_COLLECTED DATA:_
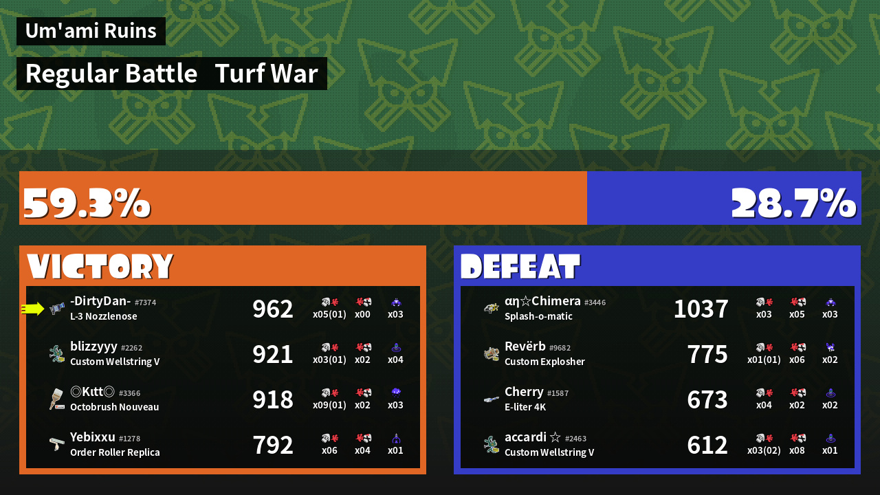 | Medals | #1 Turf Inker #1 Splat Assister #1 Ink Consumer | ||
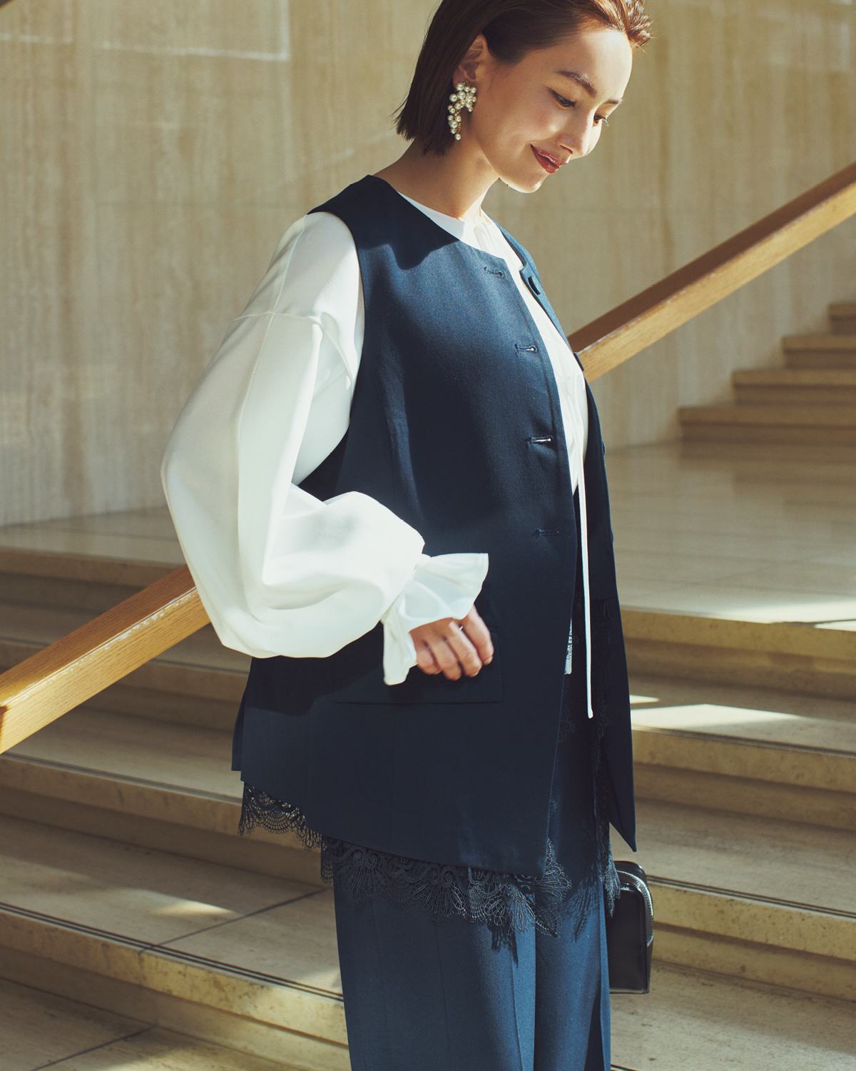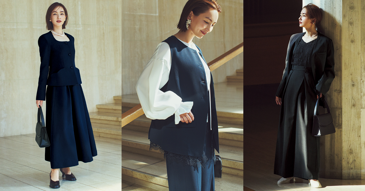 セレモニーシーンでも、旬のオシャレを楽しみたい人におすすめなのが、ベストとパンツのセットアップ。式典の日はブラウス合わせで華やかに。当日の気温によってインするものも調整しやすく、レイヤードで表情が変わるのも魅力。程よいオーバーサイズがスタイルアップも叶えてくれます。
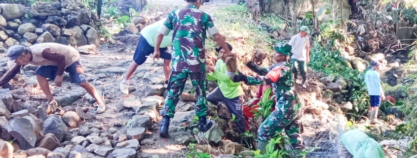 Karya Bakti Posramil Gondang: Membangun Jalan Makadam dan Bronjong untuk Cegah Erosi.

_WORK INSTRUCTIONS:_ Write the material above out again exactly as it reads, but don't carry over the pictures.

_ANSWER TO THE PROBLEM:_
 | Medals | #1 Turf Inker #1 Splat Assister #1 Ink Consumer | ||
 セレモニーシーンでも、旬のオシャレを楽しみたい人におすすめなのが、ベストとパンツのセットアップ。式典の日はブラウス合わせで華やかに。当日の気温によってインするものも調整しやすく、レイヤードで表情が変わるのも魅力。程よいオーバーサイズがスタイルアップも叶えてくれます。
 Karya Bakti Posramil Gondang: Membangun Jalan Makadam dan Bronjong untuk Cegah Erosi.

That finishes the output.